Certains signes indiquent déjà que cela se produit en prévision d’éventuelles baisses de taux. Les ventes de maisons à Toronto ont augmenté de 9,6 pour cent en janvier par rapport à décembre après avoir éliminé les influences saisonnières, selon le Toronto Regional Real Estate Board. Cela fait suite à une hausse de 19,5 pour cent en décembre par rapport au mois précédent.

Les taux d’intérêt élevés pourraient également réduire l’offre de logements en rendant la construction plus coûteuse pour les promoteurs et en réduisant la demande de préventes, en particulier pour les copropriétés. M. Macklem a reconnu ce problème lors d’une conférence de presse après le discours, tout en en minimisant l’importance.

« Les promoteurs nous disent certainement que les augmentations des taux d’intérêt ont un impact sur leur capacité à rentabiliser leurs projets de construction, ce qui retarde certains projets. Cela dit, les données montrent très clairement que les effets des taux d’intérêt sur la demande sont bien plus importants que ceux sur l’offre », a-t-il déclaré.

Benjamin Tal, économiste en chef adjoint à la Banque Canadienne Impériale de Commerce, a souscrit à l’argument de M. Macklem selon lequel l’abordabilité du logement échappe en grande partie au contrôle de la banque centrale. Il a déclaré que le récent plafonnement du nombre d’étudiants internationaux contribuerait à équilibrer le marché locatif, mais qu’il restait encore beaucoup à faire pour stimuler la construction d’immeubles locatifs.

«Il s’agit principalement de changer les aspects économiques de la décision de construire un condo plutôt que de construire un immeuble locatif spécialement construit», a déclaré M. Tal lors d’une entrevue. Il a ajouté que le changement fiscal pour la construction locative est un pas dans la bonne direction, mais « nous avons besoin de bien plus que cela ».

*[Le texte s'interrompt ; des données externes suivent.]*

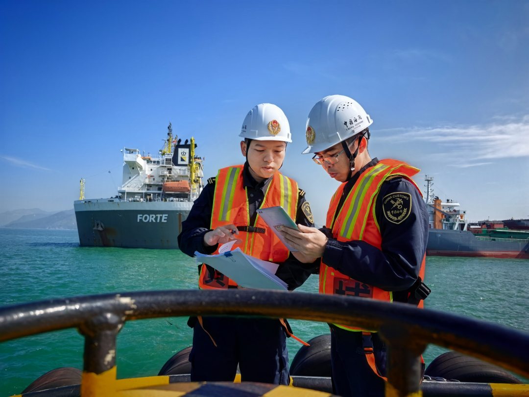 黄埔老港海关关员在大屿山锚地对验收后首单出口业务实施监管。张海龙 摄
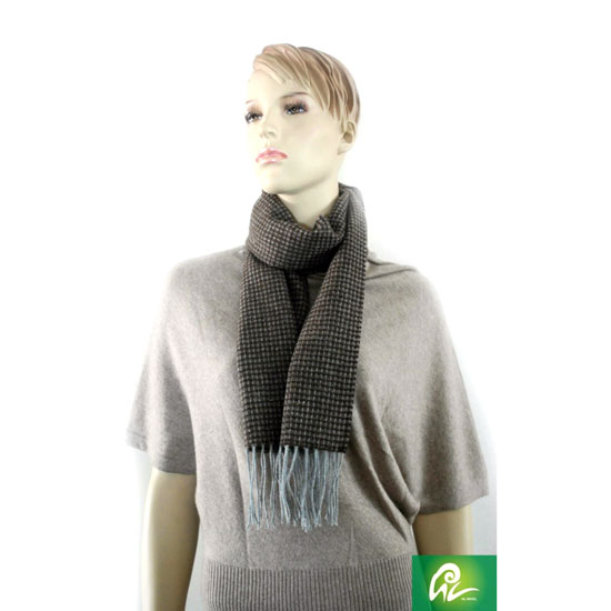 This pictured scarf comes with fashionable checked patterns. The waffle-jacquard design exhibits a touch of modern style. This pure wool scarf keeps you warm and in style in the breezy days.
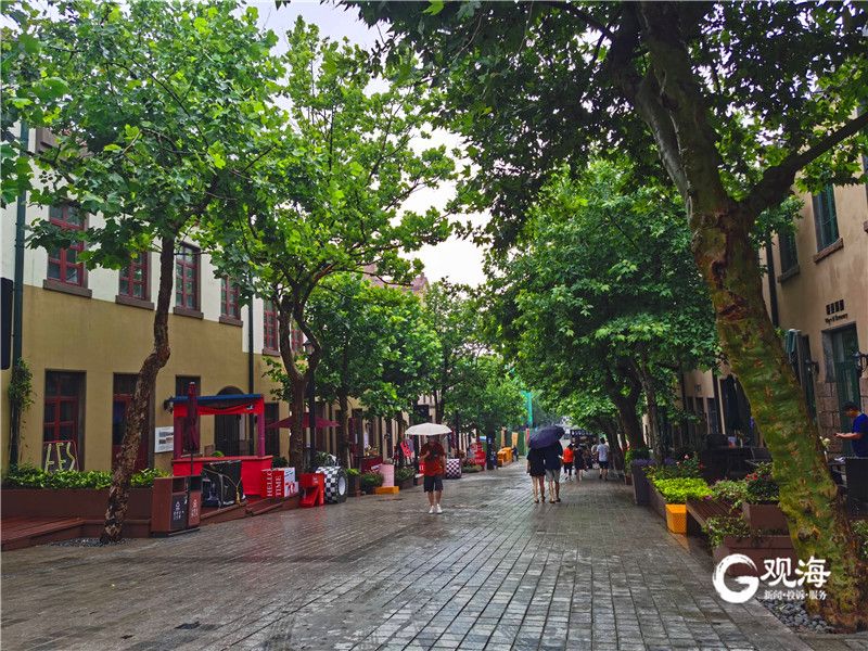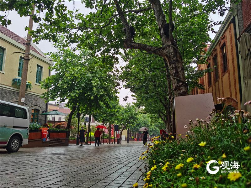 青岛日报社/观海新闻6月27日讯 经历了一夜的暴雨,今天,淅淅沥沥的小雨继续下着,行人撑伞漫步在大鲍岛文化休闲街区,雨中浪漫“氛围感”上线。(青岛日报/观海新闻记者 余瑞新 文/图)
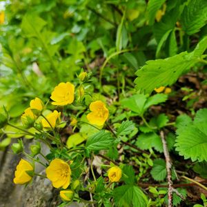 こんにちは〜😊 いつもの散歩道🚶♀️🚶♀️🚶♀️ キジムシロかな 黄色い可愛いお花です ツクバネウツギの花が咲く前でしょうか? 🤗 2025.4.18 📷️
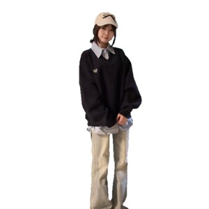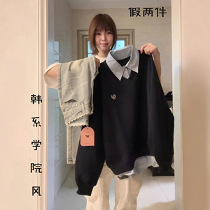 韩系学院风拼polo领长袖卫衣女春秋设计感宽松气质休闲百搭衣
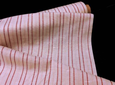 Tessuto per camicie effetto Shantung bianco a righe rosso scuroTessuto di cotone per camicie che riproduce l’ effetto “shantung “ caratteristico della seta
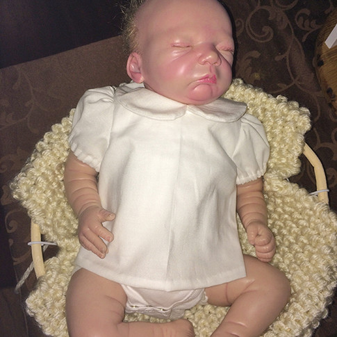 Het patroon heb ik wel aangepast (circa 25% verkleind), want de 0-3 maanden is nog te groot voor Bailey (en een aantal andere reborns).
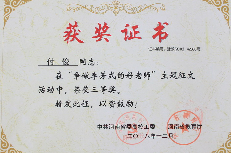 近日,我校教师李龙玉、付俊在河南省教育厅开展的“争做李芳式的好老师”师德主题征文活动中,分别荣获第三名的好成绩。
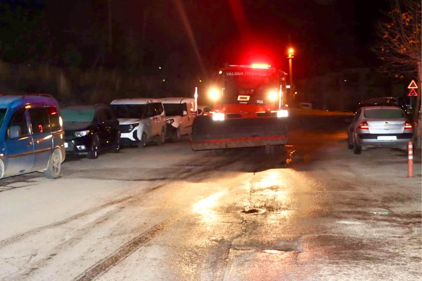 Yalova Belediyesi İtfaiye Müdürlüğü’ne bağlı ekipler, vatandaşların can ve mal güvenliğini sağlamak amacıyla geceyi teyakkuz halinde geçirdi. Ulaşımda aksamaların yaşanmaması adına önceden belirlenen kritik noktalarda konuşlanan ekipler, sabaha kadar yoğun bir mesai harcadı. Ekipler tarafından yollarda gerçekleştirilen tuzlama çalışmaları sayesinde buzlanmanın önüne geçildi.
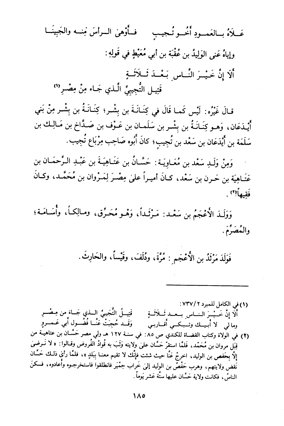 ألاَ إنَّ خَيْرَ النَّاسِ بعْدَ ثلاَثَةٍ ... قَتِيل التَّجيبيَّ الَّذي جَاء منْ مِصْرِ
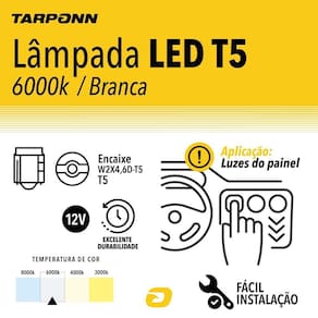 Características:compactamodernabaixo consumoAlta durabilidadeIluminação VerdeFácil instalaçãoAplicação: Painel de carroO melhor custo-benefício em iluminação automotiva está aqui com a Lâmpada Tarponn LED Pinguinho T5-COB 12vBastante compacta em seu tamanho, é ideal para ser aplicada no painel do seu carro, promovendo mais modernidade no visual.Além de possuir baixo consumo, sua durabilidade é bem superior comparado com as lâmpadas convencionais.Agora sim você terá mais economia na sua iluminação automotiva com a Lâmpada Tarponn LED Pinguinho T5-COB 12vFicha técnica:Cor: VerdeTemperatura de Cor: -Encaixe: W2X4,6D-T5Tensão: 12vEquivalência: 3wTipo de LED: COBLinha: StandardQuem somos:Somos a Mega GT especialistas na linha de Acessórios Automotivos e Utilidades para a sua casa. Buscamos sempre oferecer para o nosso cliente a melhor opção com o preço justo na sua compra.4- Tem garantiaSim, os produtos têm garantia de 3 meses. Ean: 7900469450510
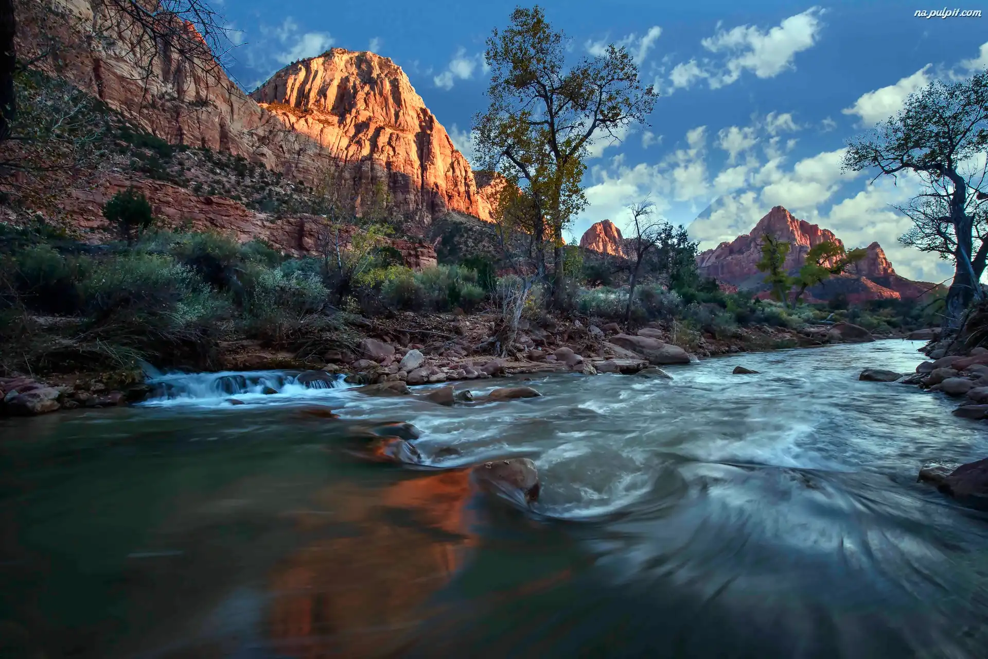 Drzewa, Skały, Góry, Rzeka Na Pulpit

Il a également déclaré que les décideurs politiques canadiens doivent mieux comprendre le rythme réel de la croissance démographique au Canada.

Dans une note publiée mardi, M. Tal a fait valoir que l’estimation de la Société canadienne d’hypothèques et de logement selon laquelle le pays devra construire 3,5 millions de logements d’ici 2030 pour rétablir l’abordabilité du logement était probablement trop conservatrice. Si l’on prend en compte les chiffres et les projections plus récentes de la croissance démographique, ce chiffre est probablement proche de cinq millions, a-t-il déclaré.